Please print, exactly, only the lines in the entries below from the line that has "Note IFS : 9/10" through the line that has "- Cooking, American--Midwestern". Pictures don't go in.
*** Data for processing ***
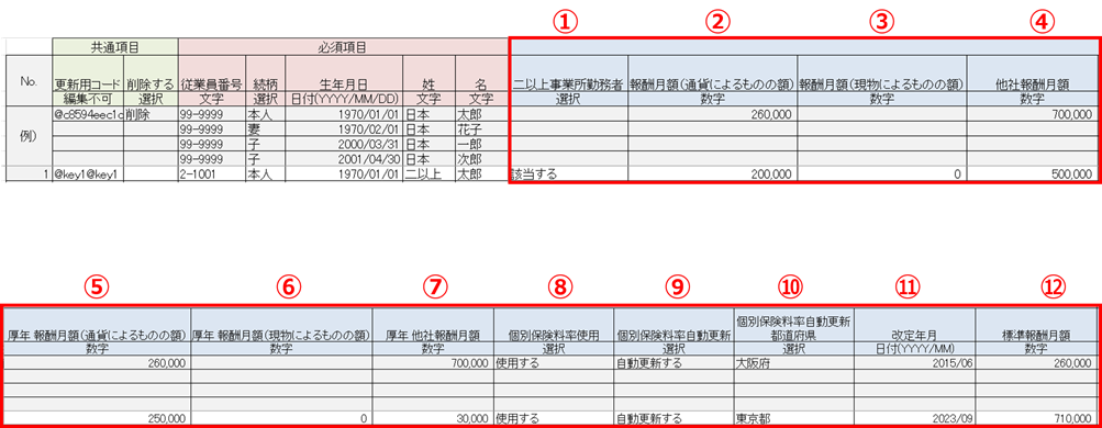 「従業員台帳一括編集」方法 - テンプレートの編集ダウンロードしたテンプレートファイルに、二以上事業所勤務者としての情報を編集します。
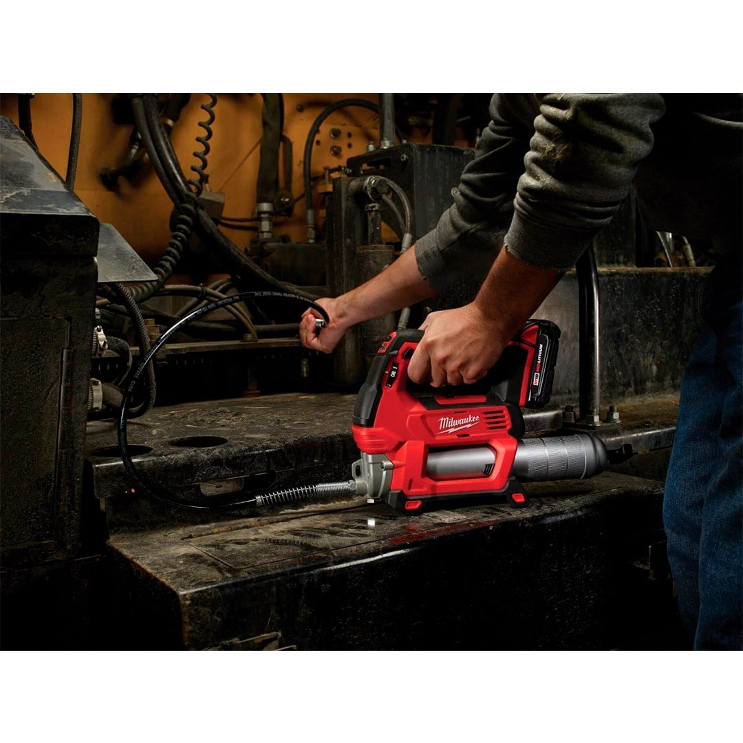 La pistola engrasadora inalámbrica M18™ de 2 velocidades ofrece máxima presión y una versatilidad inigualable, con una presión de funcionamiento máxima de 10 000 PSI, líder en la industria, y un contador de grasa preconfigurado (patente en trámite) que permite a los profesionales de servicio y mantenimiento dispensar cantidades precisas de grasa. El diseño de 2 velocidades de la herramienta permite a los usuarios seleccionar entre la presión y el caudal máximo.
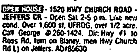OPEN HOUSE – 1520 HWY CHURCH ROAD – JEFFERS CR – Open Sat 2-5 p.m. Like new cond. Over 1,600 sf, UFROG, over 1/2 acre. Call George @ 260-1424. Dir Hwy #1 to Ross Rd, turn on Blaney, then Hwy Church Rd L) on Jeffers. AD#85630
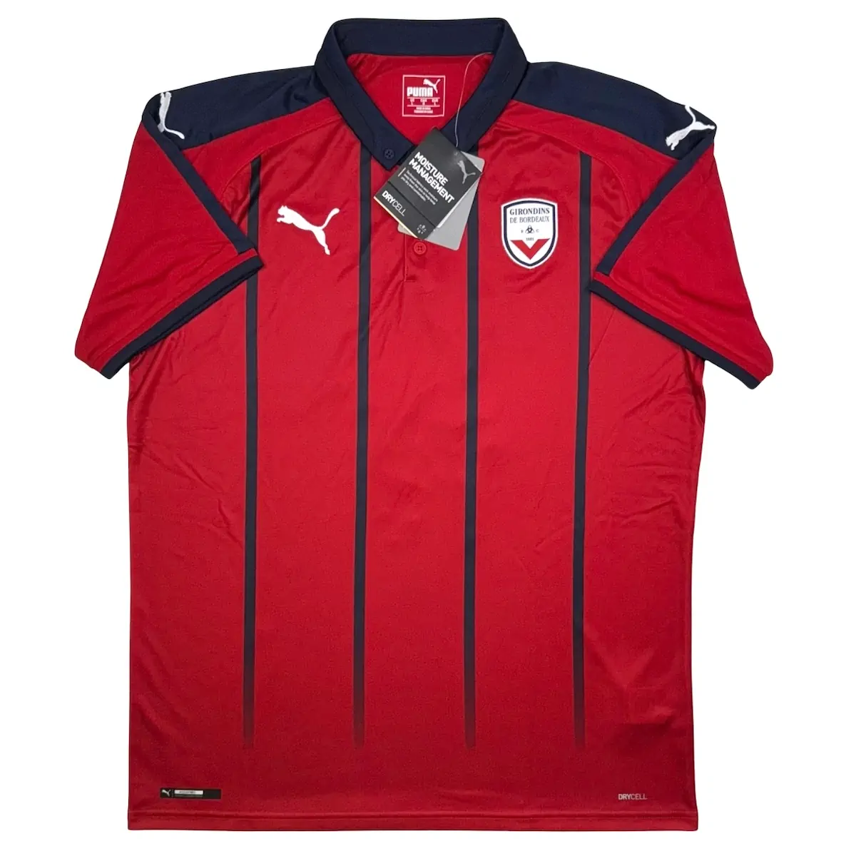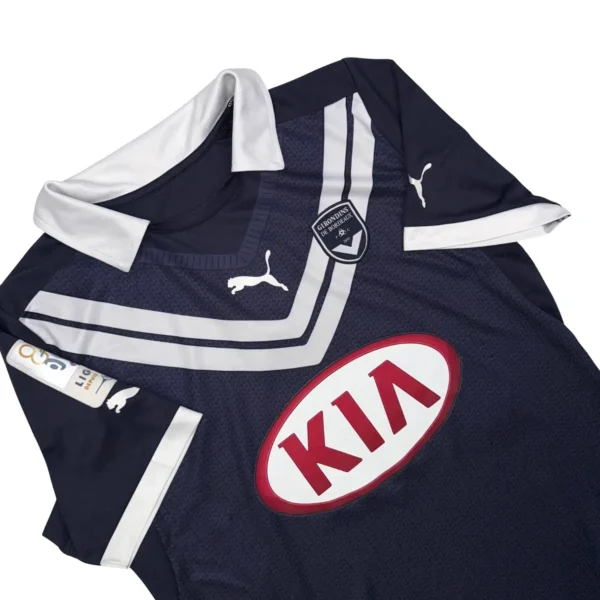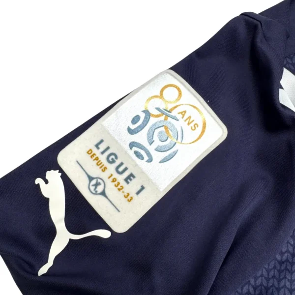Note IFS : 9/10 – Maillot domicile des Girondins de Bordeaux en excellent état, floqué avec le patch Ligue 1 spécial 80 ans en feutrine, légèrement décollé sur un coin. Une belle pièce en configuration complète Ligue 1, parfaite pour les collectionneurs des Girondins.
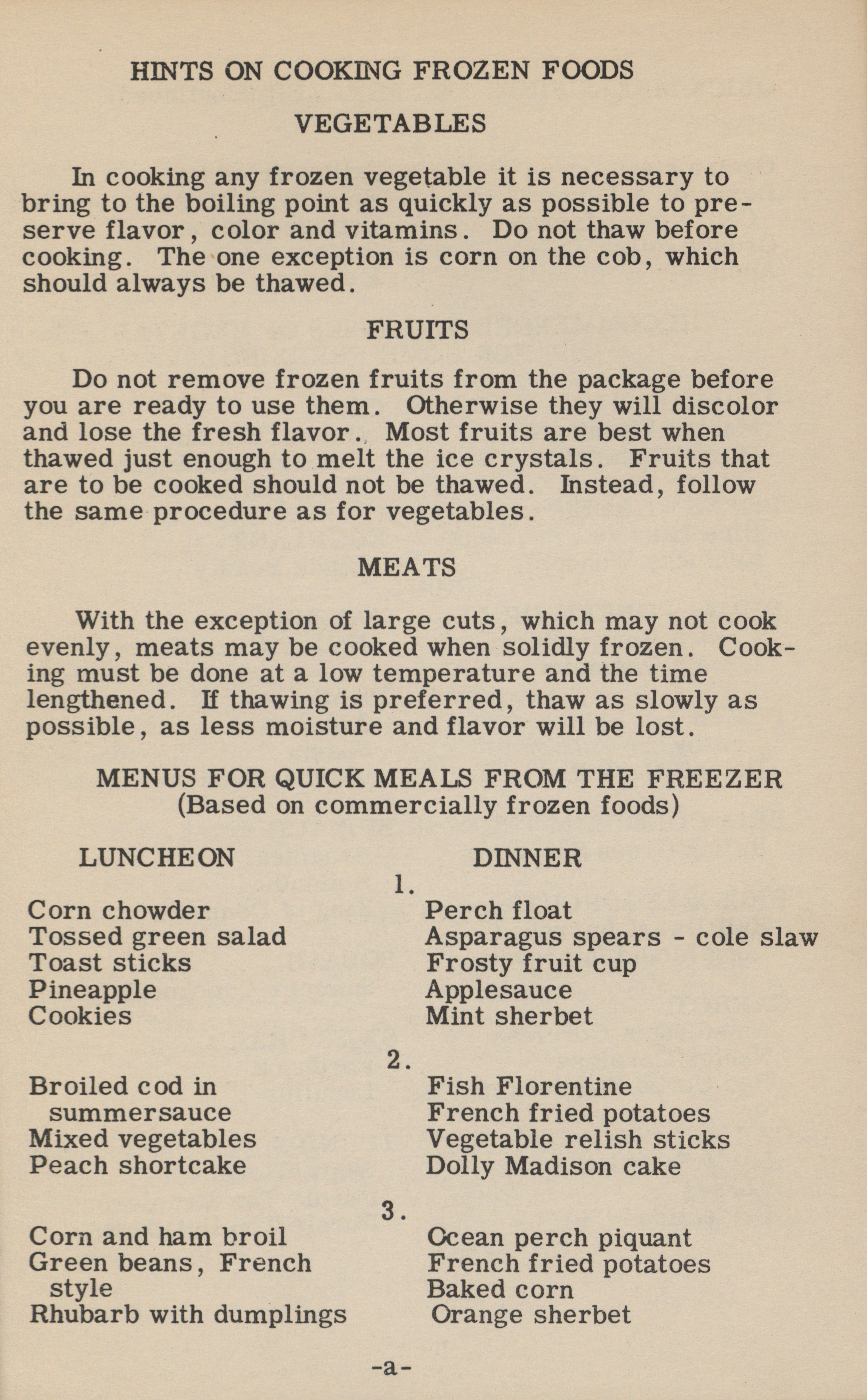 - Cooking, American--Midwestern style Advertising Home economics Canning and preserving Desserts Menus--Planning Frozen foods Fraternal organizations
***
*** Data for processing ***
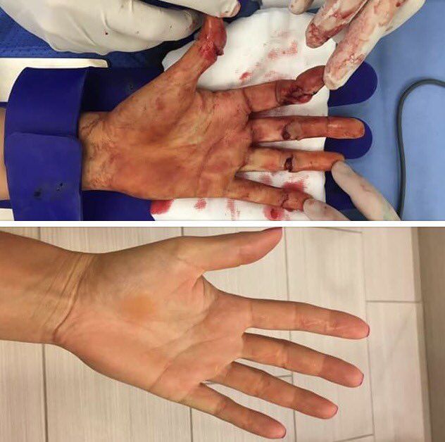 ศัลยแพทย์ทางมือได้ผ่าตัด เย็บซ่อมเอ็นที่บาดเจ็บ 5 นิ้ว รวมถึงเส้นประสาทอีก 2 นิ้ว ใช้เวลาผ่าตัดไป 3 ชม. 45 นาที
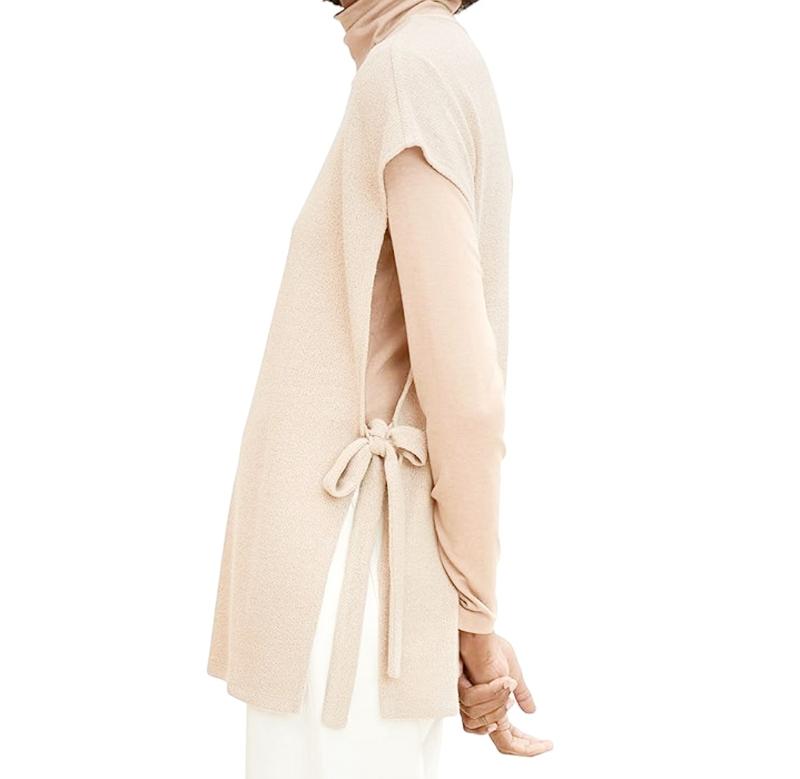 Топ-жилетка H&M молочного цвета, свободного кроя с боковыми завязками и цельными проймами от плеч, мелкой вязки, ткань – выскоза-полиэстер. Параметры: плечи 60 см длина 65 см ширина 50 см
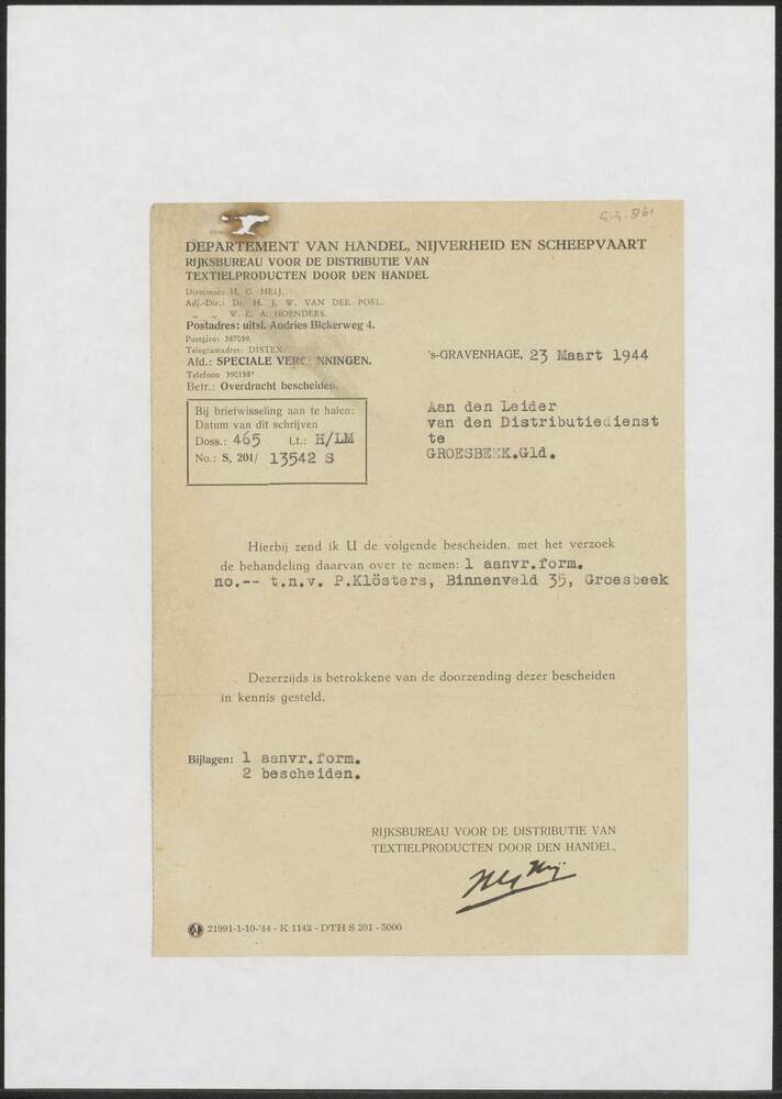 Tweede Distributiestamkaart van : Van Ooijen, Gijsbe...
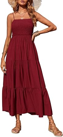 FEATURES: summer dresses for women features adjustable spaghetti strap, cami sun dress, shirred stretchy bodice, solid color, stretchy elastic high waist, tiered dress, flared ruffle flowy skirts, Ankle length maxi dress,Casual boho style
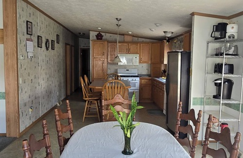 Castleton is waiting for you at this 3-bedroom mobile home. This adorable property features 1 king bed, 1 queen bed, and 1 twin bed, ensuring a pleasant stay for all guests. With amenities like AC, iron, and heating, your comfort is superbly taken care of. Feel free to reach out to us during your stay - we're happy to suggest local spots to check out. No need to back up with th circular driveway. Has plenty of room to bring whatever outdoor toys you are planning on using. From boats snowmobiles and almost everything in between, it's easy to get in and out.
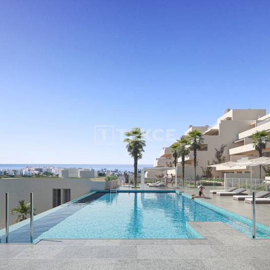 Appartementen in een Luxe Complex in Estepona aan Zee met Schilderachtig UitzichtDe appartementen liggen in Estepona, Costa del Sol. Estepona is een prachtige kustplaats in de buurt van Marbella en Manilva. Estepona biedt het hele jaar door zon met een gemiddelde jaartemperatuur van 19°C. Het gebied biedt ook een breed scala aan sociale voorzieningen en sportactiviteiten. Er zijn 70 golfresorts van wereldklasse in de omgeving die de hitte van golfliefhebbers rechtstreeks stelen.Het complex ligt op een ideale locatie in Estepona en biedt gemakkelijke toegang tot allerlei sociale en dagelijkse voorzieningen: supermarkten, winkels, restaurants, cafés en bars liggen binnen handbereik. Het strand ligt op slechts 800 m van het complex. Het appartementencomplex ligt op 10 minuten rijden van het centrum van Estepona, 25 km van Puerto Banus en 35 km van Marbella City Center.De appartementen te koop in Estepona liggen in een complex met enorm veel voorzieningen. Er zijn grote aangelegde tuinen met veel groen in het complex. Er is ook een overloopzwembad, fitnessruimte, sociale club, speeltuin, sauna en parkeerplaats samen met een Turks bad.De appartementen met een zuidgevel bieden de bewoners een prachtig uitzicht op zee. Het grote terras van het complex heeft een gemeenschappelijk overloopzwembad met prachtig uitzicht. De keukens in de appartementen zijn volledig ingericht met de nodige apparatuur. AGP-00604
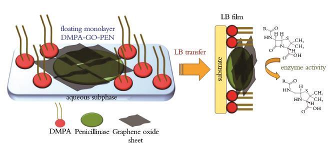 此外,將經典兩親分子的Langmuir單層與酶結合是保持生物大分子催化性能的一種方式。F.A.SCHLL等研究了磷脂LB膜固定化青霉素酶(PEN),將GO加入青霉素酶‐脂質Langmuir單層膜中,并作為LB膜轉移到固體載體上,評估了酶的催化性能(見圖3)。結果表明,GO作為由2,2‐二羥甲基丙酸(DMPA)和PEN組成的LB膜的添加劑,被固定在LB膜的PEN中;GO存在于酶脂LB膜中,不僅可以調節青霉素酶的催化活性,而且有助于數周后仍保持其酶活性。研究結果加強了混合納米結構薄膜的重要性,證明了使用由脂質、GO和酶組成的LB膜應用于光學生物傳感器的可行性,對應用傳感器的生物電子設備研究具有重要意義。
***
Problem solution:
Note IFS : 9/10 – Maillot domicile des Girondins de Bordeaux en excellent état, floqué avec le patch Ligue 1 spécial 80 ans en feutrine, légèrement décollé sur un coin. Une belle pièce en configuration complète Ligue 1, parfaite pour les collectionneurs des Girondins.
 - Cooking, American--Midwestern style Advertising Home economics Canning and preserving Desserts Menus--Planning Frozen foods Fraternal organizations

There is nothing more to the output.